Raytheon Leans on Red Hat to Advance DevSecOps

Raytheon Company is partnering with Red Hat to drive the adoption of DevSecOps workflows and processes it developed around the OpenShift application development and deployment platform.

Jon Check, senior director for cyber protection solutions for Raytheon Intelligence, Information and Services, said Raytheon has developed a set of DevSecOps practices for organizations building applications deployed in highly secure environments, involving government contracts.

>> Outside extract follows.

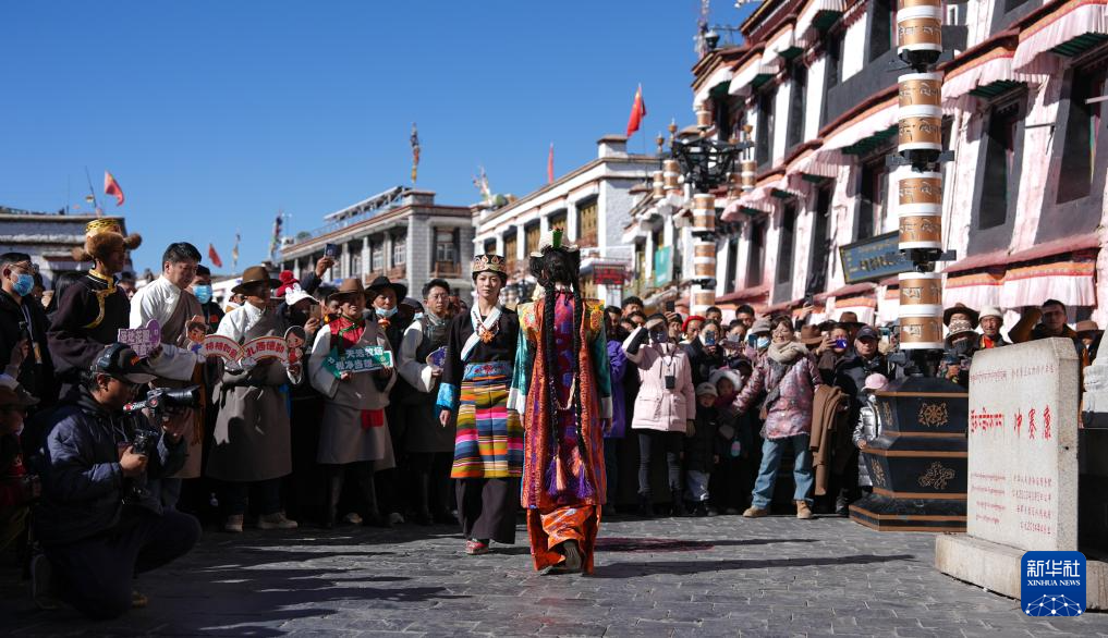模特在拉萨八廓街“繁饰自然·衣彩拉萨——拉萨新年服饰秀”活动中巡游(1月3日摄)。

Raytheon and these customers have been challenged by a chronic shortage of IT professionals with the appropriate level of clearance to work on these classified projects. To overcome that issue, Check said Raytheon developed what it describes as a “code low, deploy high” approach to DevSecOps. Developers who lack security clearances can still build applications; however, those applications can only be deployed by IT professionals having the appropriate security clearance.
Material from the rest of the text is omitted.